Kementerian Kelautan dan Perikanan (KKP) tengah meningkatkan program produksi pakan ikan mandiri untuk mendukung perkembangan budidaya perikanan yang lebih efisien. Secara spesifik, produksi pakan mandiri ini akan difokuskan pada penggunaan bahan baku lokal dan manajemen porduksi yang sesuai dengan standar dan bersertifikat.

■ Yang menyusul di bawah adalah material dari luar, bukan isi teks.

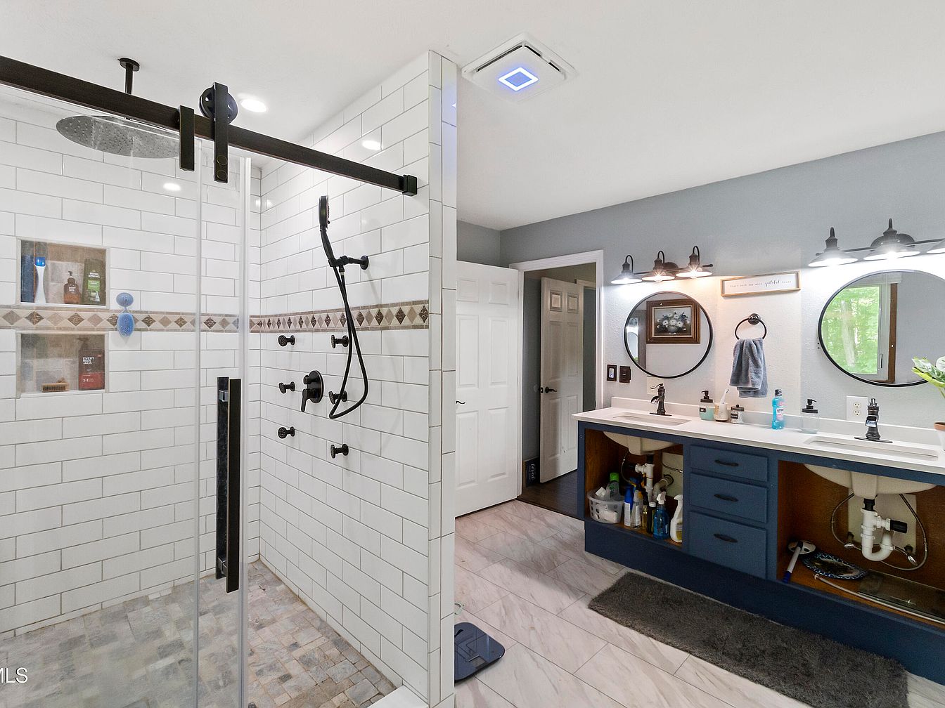 This bathroom features a modern and functional layout with a prominent double vanity against a soft gray wall. Two round mirrors, each illuminated by black vintage-style sconces, add elegance above the white countertop. The navy blue vanity cabinets, currently open to reveal plumbing and storage, introduce bold contrast and storage potential. Adjacent is a spacious walk-in shower with glass sliding doors and crisp white subway tiles accented by a decorative horizontal strip of earthy diamond tiles. The shower floor is tiled in neutral, multi-toned stone tiles that complement the polished marble-look floor tiles throughout the space. Overall, the design combines modern fixtures and rustic accents for a clean, welcoming feel.
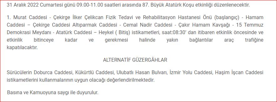 "1. Murat Caddesi - Çekirge İlker Çelikcan Fizik Tedavi ve Rehabilitasyon Hastanesi Önü (başlangıç) - Hamam Caddesi - Çekirge Caddesi Altıparmak Caddesi - Cemal Nadir Caddesi - Çakır Hamam Kavşağı - 15 Temmuz Demokrasi Meydanı - Atatürk Caddesi - Heykel ( Bitiş) istikametleri, saat:08:30’ dan itibaren etkinlik öncesinde ve etkinlik bitinceye kadar ve gerekmesi halinde yakın bağlantılar araç trafiğine kapatılacaktır. Sürücülerin Doburca Caddesi, Kükürtlü Caddesi, Ulubatlı Hasan Bulvarı, İzmir Yolu Caddesi, Haşim İşcan Caddesi istikametlerini kullanmalarının uygun olacağı değerlendirilmektedir."

“Pakan ikan sebagai salah satu komponen terpenting dalam kegiatan usaha budidaya ikan, dalam rangka mendukung pencapaian target produksi perikanan budidaya. Pasalnya pakan ikan menjadi faktor dominan keberhasilan perikanan budidaya. Sementara biaya pakan ikan dalam kegiatan budidaya adalah 60%-70%,” ungkap Direktur Jenderal Perikanan Budi Daya, Tb Haeru Rahayu, dalam Siaran Pers KKP (24/10).

Dirjen Tebe menjelaskan bahwa pemerintah Indonesia, melalui KKP, memiliki dua strategi dalam pengembangan produksi pakan ikan. Strategi jangka menengah (2021-2024) berfokus pada penggunaan bahan baku lokal dan manajemen pakan yang efisien. Sedangkan strategi jangka panjang (2025-2045) berfokus pada penggunaan bahan baku lokal berbasis nabati, yang sesuai dengan kebutuhan nutrisi yang spesifik untuk setiap komoditas. Tujuan jangka panjang hingga 2045 adalah menghasilkan pakan ikan nabati yang ramah lingkungan. Pemerintah juga telah menetapkan target produksi perikanan budidaya nasional pada 2024 sebesar 22,65 juta ton. Sekitar 45,56% di antaranya akan berasal dari produksi ikan dan udang yang memerlukan sekitar 13,37 juta ton pakan. 

Selain itu, Tebe mengatakan bahwa pihaknya telah mengatur peredaran pakan, melalui kewajiban kepada para produsen agar setiap pakan yang dijual memiliki sertifikat dan terdaftar di KKP. Sertifikat ini berlaku selama 5 tahun dan dapat diperpanjang.  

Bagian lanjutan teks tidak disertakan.